**Task instructions**
Up to and including the line with "సమతుల్యంగా ఉన్నవా, గ్రంథాలయాలలో", restate every line of the records below word for word, from the first line on, leaving out the pictures.

**Input data**
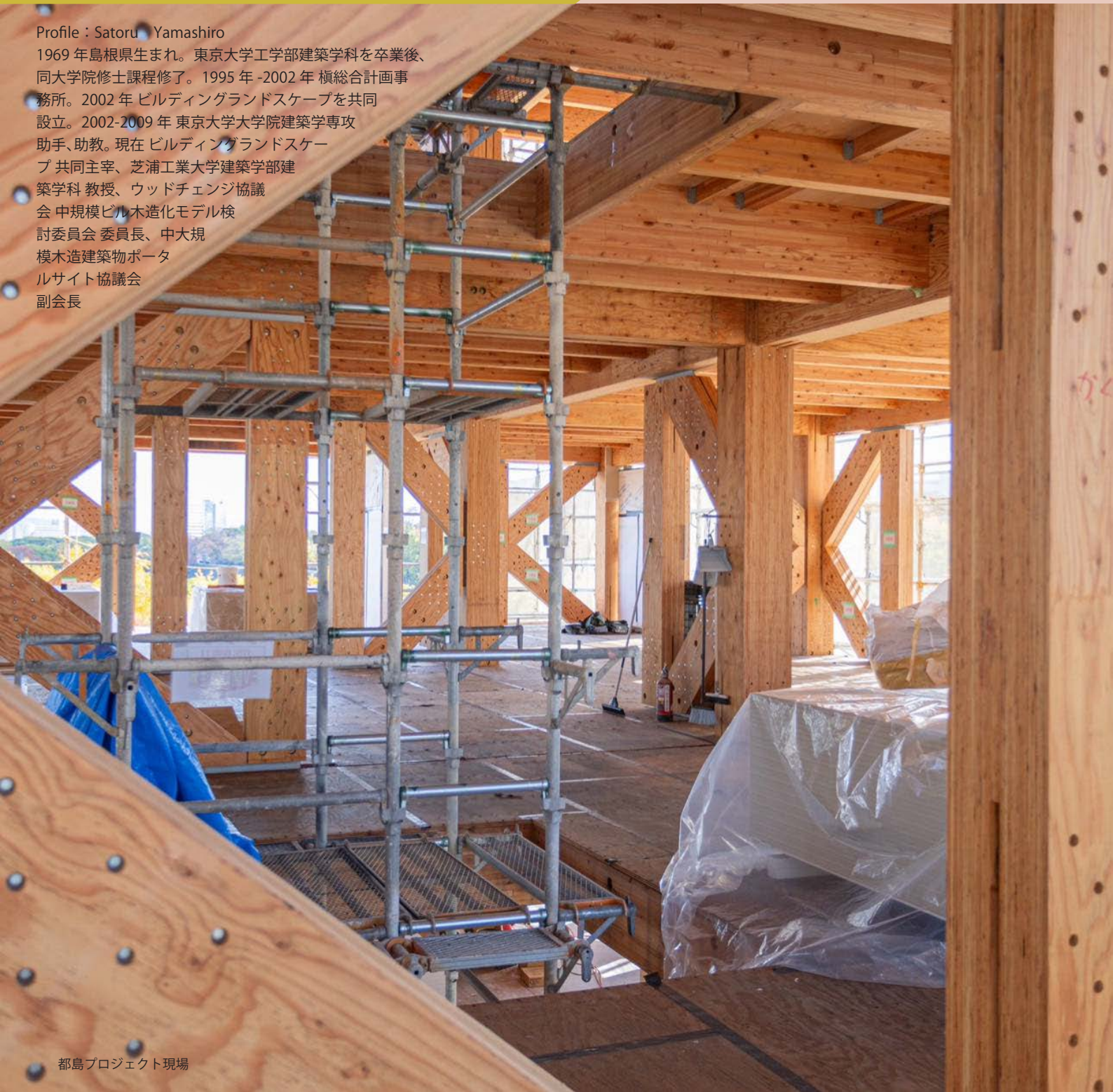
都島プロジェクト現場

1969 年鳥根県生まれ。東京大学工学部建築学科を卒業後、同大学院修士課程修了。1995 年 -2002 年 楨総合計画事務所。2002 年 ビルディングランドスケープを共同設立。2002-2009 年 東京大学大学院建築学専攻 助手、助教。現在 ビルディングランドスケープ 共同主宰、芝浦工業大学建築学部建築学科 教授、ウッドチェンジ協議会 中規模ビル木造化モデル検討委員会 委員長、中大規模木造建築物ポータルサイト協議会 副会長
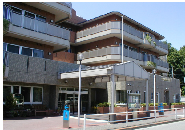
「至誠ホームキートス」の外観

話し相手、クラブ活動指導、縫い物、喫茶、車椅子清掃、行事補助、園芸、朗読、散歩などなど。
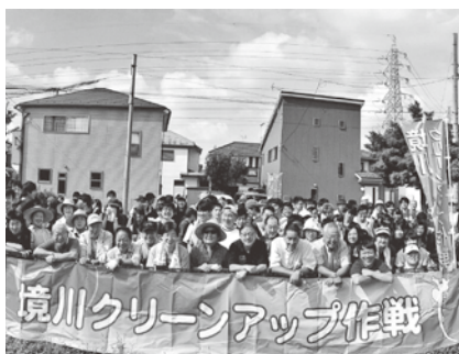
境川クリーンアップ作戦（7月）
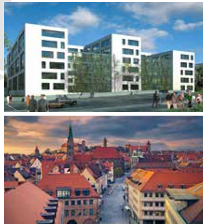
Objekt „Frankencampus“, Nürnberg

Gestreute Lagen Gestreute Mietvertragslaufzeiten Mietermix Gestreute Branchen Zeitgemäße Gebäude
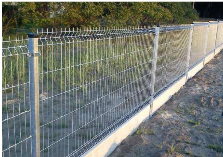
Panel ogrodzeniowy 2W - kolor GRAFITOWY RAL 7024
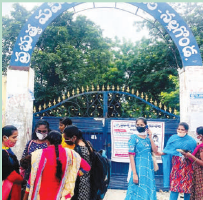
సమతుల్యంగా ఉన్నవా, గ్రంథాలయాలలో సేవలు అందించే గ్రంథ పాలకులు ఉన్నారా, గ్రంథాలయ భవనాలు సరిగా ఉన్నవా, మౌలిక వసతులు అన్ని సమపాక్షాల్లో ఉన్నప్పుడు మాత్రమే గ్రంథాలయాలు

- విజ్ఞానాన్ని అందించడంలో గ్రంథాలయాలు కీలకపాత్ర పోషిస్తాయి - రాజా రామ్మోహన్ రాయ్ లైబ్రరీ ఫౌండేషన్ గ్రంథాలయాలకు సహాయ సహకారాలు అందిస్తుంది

**Reply to the task**
都島プロジェクト現場

1969 年鳥根県生まれ。東京大学工学部建築学科を卒業後、同大学院修士課程修了。1995 年 -2002 年 楨総合計画事務所。2002 年 ビルディングランドスケープを共同設立。2002-2009 年 東京大学大学院建築学専攻 助手、助教。現在 ビルディングランドスケープ 共同主宰、芝浦工業大学建築学部建築学科 教授、ウッドチェンジ協議会 中規模ビル木造化モデル検討委員会 委員長、中大規模木造建築物ポータルサイト協議会 副会長
「至誠ホームキートス」の外観

話し相手、クラブ活動指導、縫い物、喫茶、車椅子清掃、行事補助、園芸、朗読、散歩などなど。
境川クリーンアップ作戦（7月）
Objekt „Frankencampus“, Nürnberg

Gestreute Lagen Gestreute Mietvertragslaufzeiten Mietermix Gestreute Branchen Zeitgemäße Gebäude
Panel ogrodzeniowy 2W - kolor GRAFITOWY RAL 7024
సమతుల్యంగా ఉన్నవా, గ్రంథాలయాలలో సేవలు అందించే గ్రంథ పాలకులు ఉన్నారా, గ్రంథాలయ భవనాలు సరిగా ఉన్నవా, మౌలిక వసతులు అన్ని సమపాక్షాల్లో ఉన్నప్పుడు మాత్రమే గ్రంథాలయాలు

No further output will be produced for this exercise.